WHAT YOU WILL DO: Please repeat the entries exactly as they appear and omit any images.

[Records drawn from a dataset]
Content starts

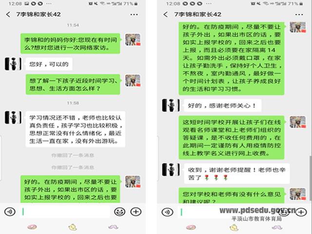 为深入贯彻习近平总书记重要讲话精神和重要指示,落实市教体局〔2020〕58号文关于在疫情防控期间开展网络家访工作的通知,进一步发挥全体教师在疫情防控服务教学、服务学生的作用,近日,市十三中政教处迅速行动,制定线上家校联系方案和记录表,配合学校线上课堂“停课不停学”活动部署,开展“同心战疫情,同屏共家访”线上家访活动。
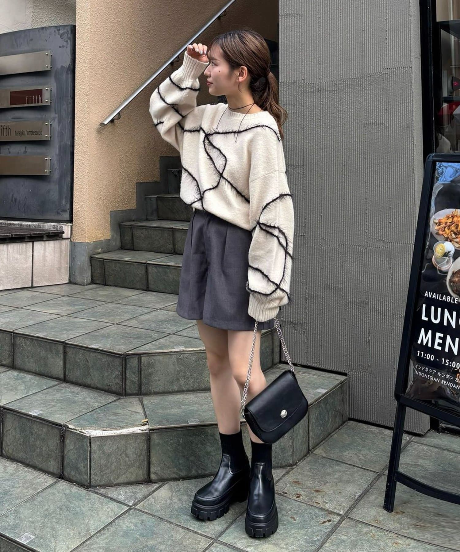 ニットスカートやフレアスカートスカート・ショートパンツを合わせた女性らしいスタイリングがおすすめ◎
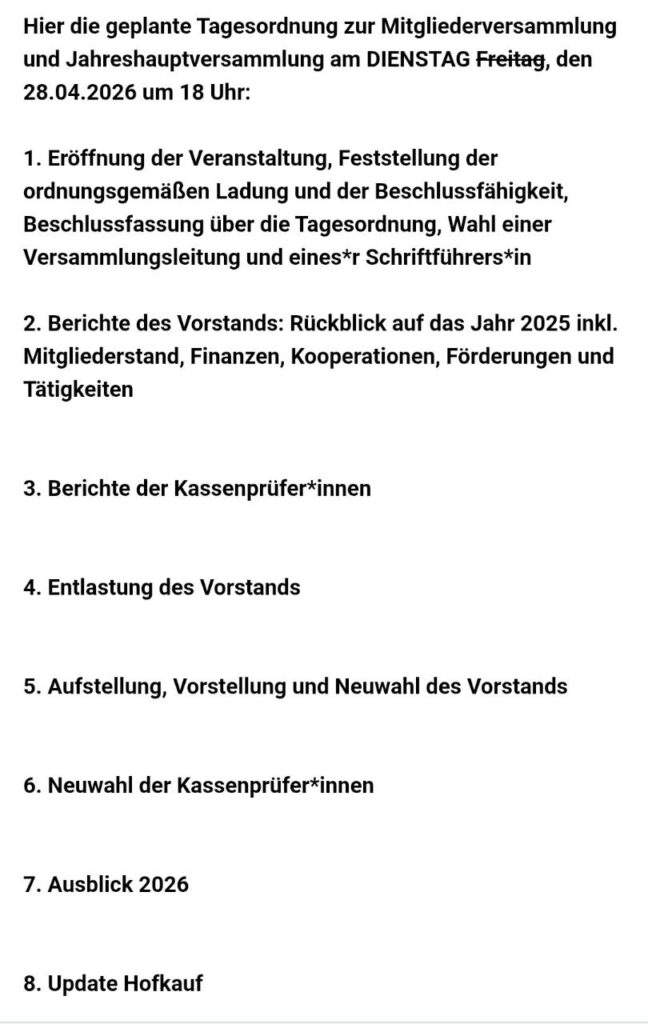 • Einen Rückblick auf das Hofkaufjahr 2025 samt aktuellem Finanzierungsstand
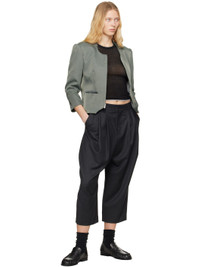 Crinkled plain-woven nylon-blend blazer. · Raw edge at round neck · Zip closure · Hook-eye fastening at chest · Darts at front and back · Welt pockets · Cutout at front hem · Gathering at padded shoulders · Frayed flag at back shoulder · Welt pocket at interior · Full satin lining Supplier color: Charcoal Body: 55% nylon, 45% polyester. Lining: 55% polyester, 45% rayon. Made in South Korea 251039F057002
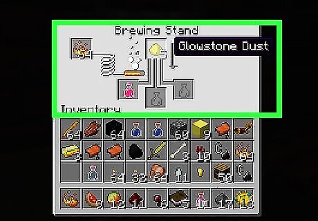 Customize the potions in other ways if desired: Add glowstone dust to most potions to increase their power of effect. For example if you add it to a Harming Potion, if it upgrades to a Harming Potion II using glowstone dust it will do more damage. Add redstone to increase the time of effect of a potion. Add gunpowder to transform the potion into a Splash Potion, which is effective since it is thrown instead of drank, making it easy to use it in combat. Lingering Potions are made by combining Dragon's Breath and Splash Potions. Lingering Potions can be thrown and will stay and give the effect it provides to anyone in range of the area of effect; it will stay for a long time, making it useful for PVP and giving buffs to your team when playing UHC's or Survival Games. It is also used to create tipped arrows.

Content ends

TASK ANSWER:
 为深入贯彻习近平总书记重要讲话精神和重要指示,落实市教体局〔2020〕58号文关于在疫情防控期间开展网络家访工作的通知,进一步发挥全体教师在疫情防控服务教学、服务学生的作用,近日,市十三中政教处迅速行动,制定线上家校联系方案和记录表,配合学校线上课堂“停课不停学”活动部署,开展“同心战疫情,同屏共家访”线上家访活动。
 ニットスカートやフレアスカートスカート・ショートパンツを合わせた女性らしいスタイリングがおすすめ◎
 • Einen Rückblick auf das Hofkaufjahr 2025 samt aktuellem Finanzierungsstand
 Crinkled plain-woven nylon-blend blazer. · Raw edge at round neck · Zip closure · Hook-eye fastening at chest · Darts at front and back · Welt pockets · Cutout at front hem · Gathering at padded shoulders · Frayed flag at back shoulder · Welt pocket at interior · Full satin lining Supplier color: Charcoal Body: 55% nylon, 45% polyester. Lining: 55% polyester, 45% rayon. Made in South Korea 251039F057002
 Customize the potions in other ways if desired: Add glowstone dust to most potions to increase their power of effect. For example if you add it to a Harming Potion, if it upgrades to a Harming Potion II using glowstone dust it will do more damage. Add redstone to increase the time of effect of a potion. Add gunpowder to transform the potion into a Splash Potion, which is effective since it is thrown instead of drank, making it easy to use it in combat. Lingering Potions are made by combining Dragon's Breath and Splash Potions. Lingering Potions can be thrown and will stay and give the effect it provides to anyone in range of the area of effect; it will stay for a long time, making it useful for PVP and giving buffs to your team when playing UHC's or Survival Games. It is also used to create tipped arrows.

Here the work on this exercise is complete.